■ LISTED ENTRIES ■
== == ==

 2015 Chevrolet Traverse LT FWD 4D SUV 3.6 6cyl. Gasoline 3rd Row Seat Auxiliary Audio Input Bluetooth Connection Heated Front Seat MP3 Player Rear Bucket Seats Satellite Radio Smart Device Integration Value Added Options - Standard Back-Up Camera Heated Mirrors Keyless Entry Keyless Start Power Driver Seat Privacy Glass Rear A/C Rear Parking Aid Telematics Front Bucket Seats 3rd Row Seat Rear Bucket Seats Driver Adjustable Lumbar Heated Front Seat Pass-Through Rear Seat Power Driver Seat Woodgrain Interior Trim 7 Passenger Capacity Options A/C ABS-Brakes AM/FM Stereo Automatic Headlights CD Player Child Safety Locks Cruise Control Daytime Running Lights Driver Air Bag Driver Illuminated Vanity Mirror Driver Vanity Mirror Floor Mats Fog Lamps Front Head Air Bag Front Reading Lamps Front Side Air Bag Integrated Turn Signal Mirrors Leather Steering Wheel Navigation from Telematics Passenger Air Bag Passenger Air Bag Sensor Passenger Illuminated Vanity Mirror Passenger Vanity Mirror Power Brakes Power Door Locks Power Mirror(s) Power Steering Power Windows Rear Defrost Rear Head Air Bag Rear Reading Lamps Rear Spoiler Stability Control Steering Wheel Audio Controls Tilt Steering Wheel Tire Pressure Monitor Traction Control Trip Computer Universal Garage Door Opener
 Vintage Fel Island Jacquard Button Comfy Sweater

== == ==

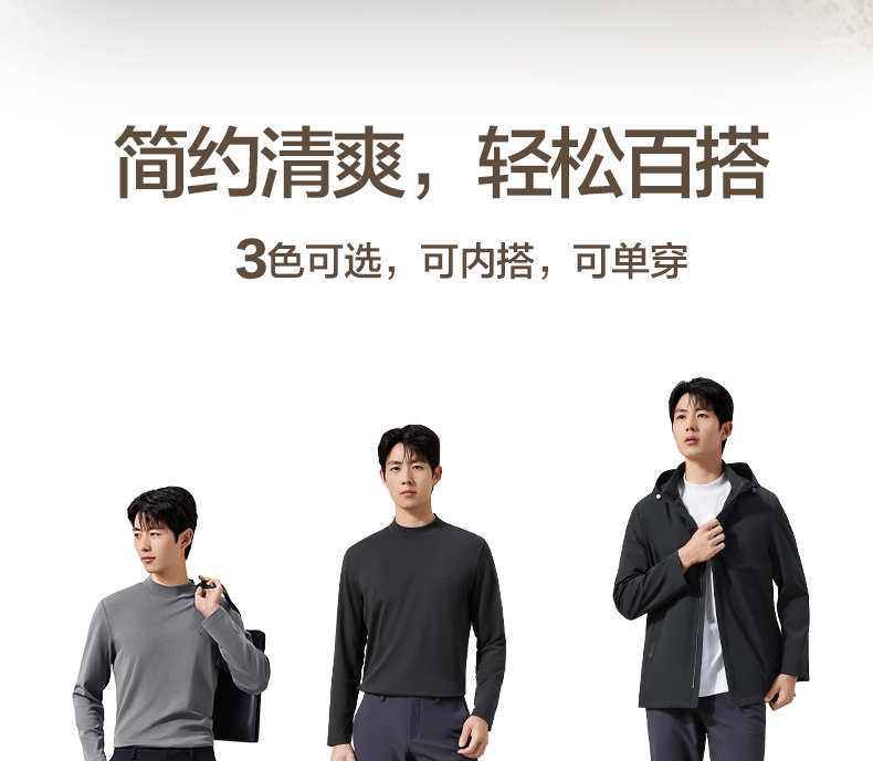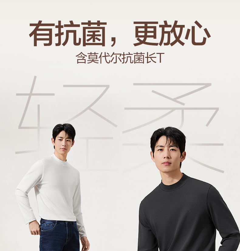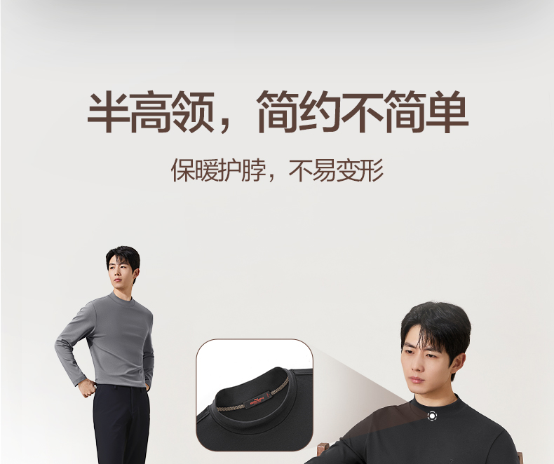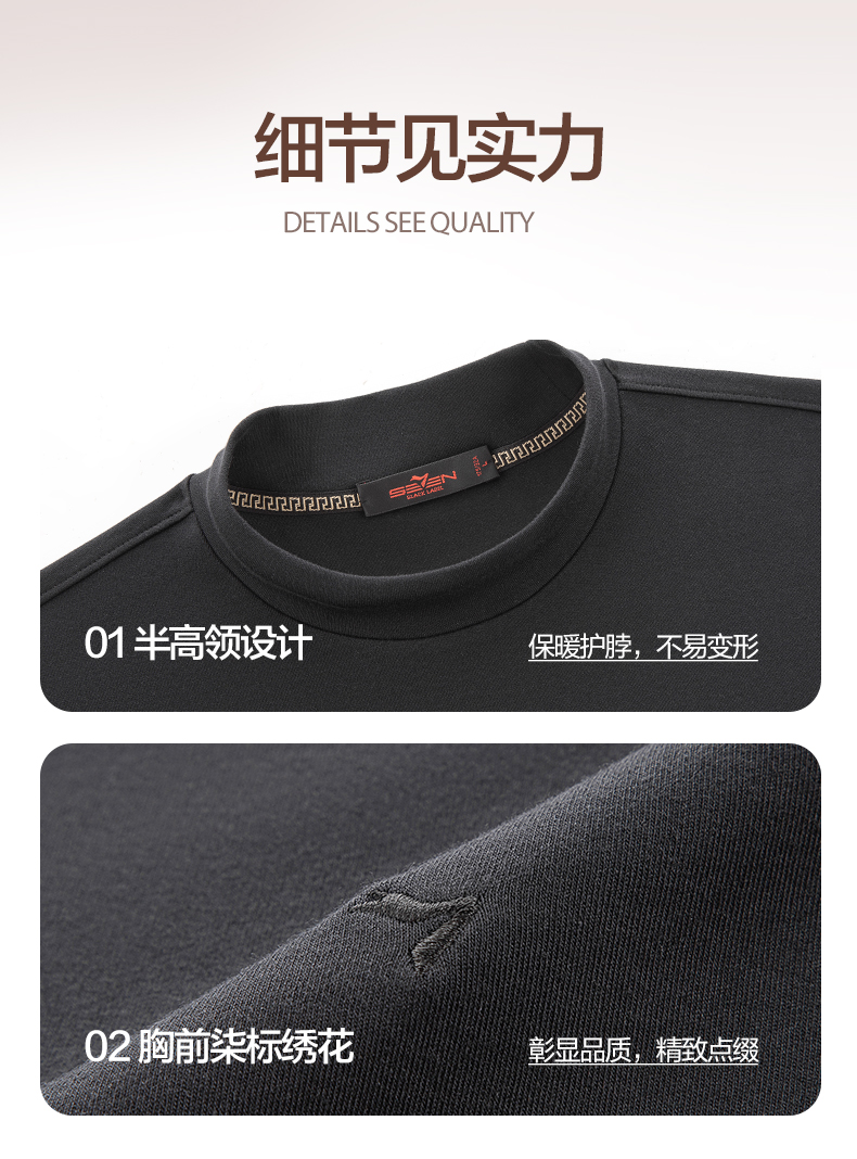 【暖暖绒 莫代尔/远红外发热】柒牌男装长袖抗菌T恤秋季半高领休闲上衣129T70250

== == ==

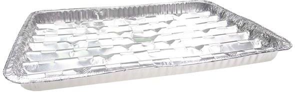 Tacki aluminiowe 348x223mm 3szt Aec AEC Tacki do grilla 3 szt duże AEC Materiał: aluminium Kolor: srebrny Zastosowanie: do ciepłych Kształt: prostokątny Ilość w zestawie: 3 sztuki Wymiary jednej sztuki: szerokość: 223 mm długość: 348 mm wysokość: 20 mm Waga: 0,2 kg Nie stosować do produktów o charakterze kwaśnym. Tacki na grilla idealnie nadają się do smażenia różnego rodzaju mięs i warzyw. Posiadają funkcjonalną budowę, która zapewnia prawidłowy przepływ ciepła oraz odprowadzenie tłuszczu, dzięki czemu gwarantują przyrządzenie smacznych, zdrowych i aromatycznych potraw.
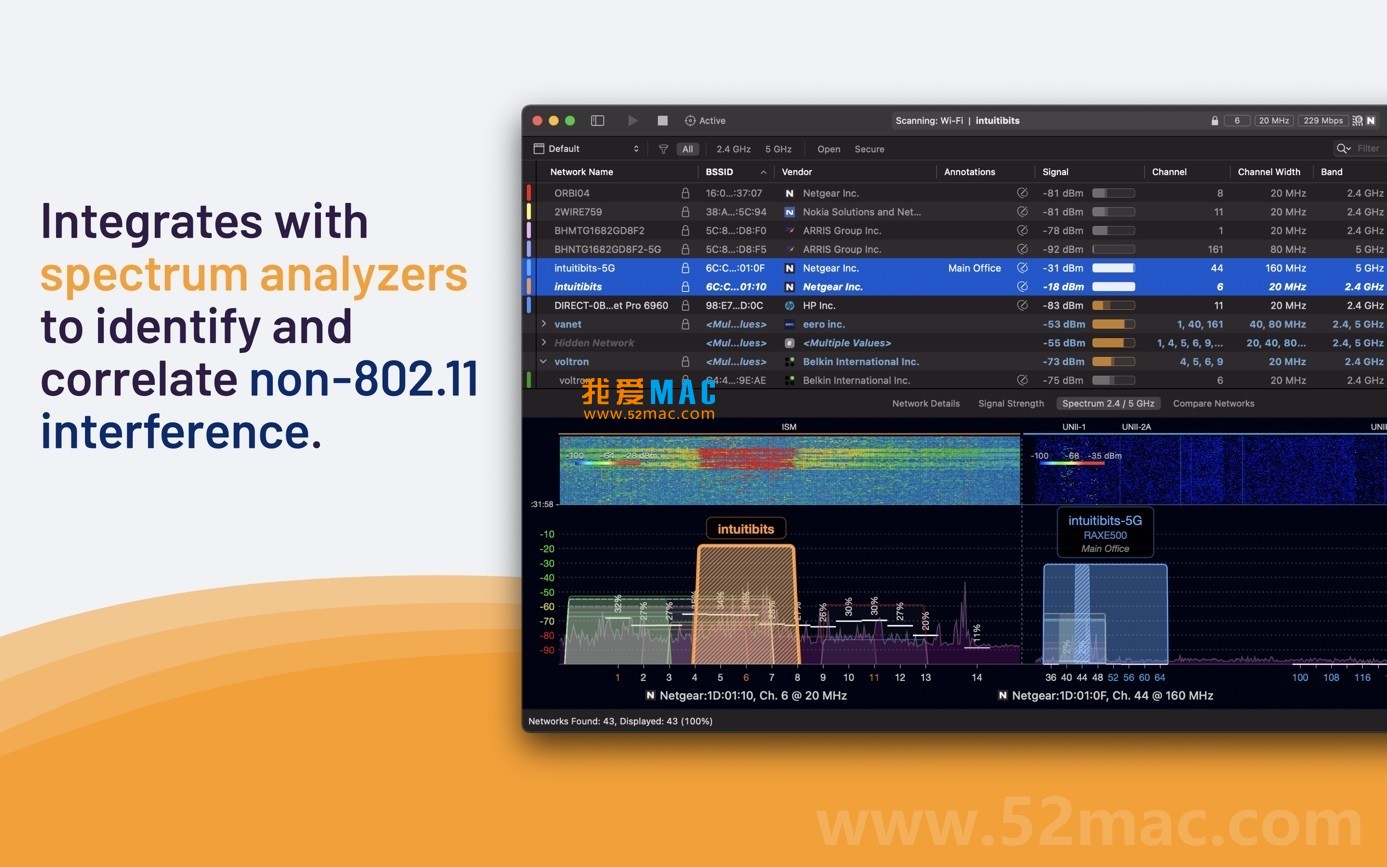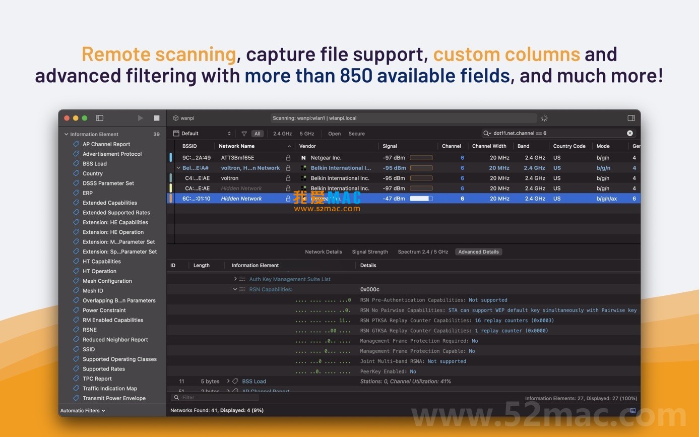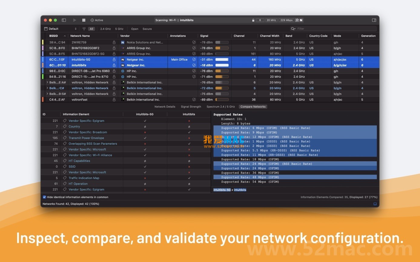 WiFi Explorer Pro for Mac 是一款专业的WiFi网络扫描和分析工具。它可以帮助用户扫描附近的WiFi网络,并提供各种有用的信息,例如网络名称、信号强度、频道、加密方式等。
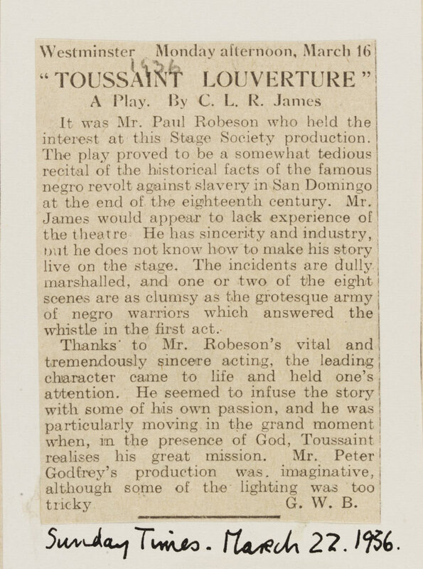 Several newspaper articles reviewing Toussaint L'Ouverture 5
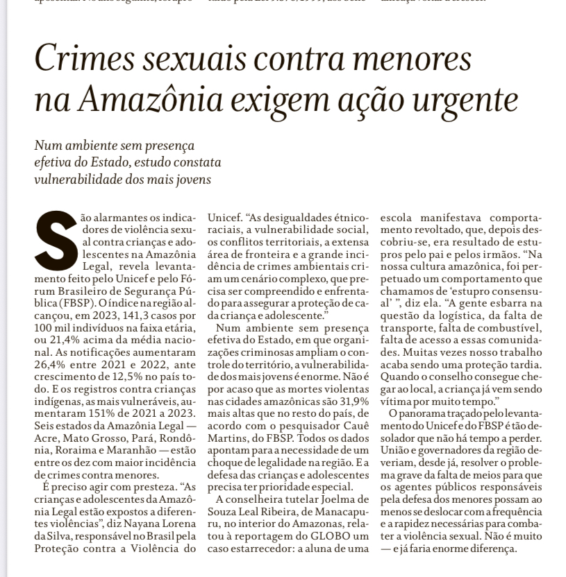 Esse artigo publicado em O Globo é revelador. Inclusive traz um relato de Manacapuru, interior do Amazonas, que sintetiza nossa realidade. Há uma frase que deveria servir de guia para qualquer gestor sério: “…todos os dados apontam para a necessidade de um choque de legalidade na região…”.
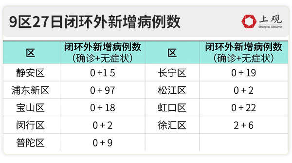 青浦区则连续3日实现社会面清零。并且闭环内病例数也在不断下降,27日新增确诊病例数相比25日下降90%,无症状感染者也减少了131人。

== == ==

■ WORK INSTRUCTION ■
Find where the line with "Several newspaper articles" sits in the material above and where the line with "Esse artigo publicado" sits. Set down exactly the lines from the first to the second, both included and nothing else, without pictures.

■ TASK SOLUTION ■
 Several newspaper articles reviewing Toussaint L'Ouverture 5
 Esse artigo publicado em O Globo é revelador. Inclusive traz um relato de Manacapuru, interior do Amazonas, que sintetiza nossa realidade. Há uma frase que deveria servir de guia para qualquer gestor sério: “…todos os dados apontam para a necessidade de um choque de legalidade na região…”.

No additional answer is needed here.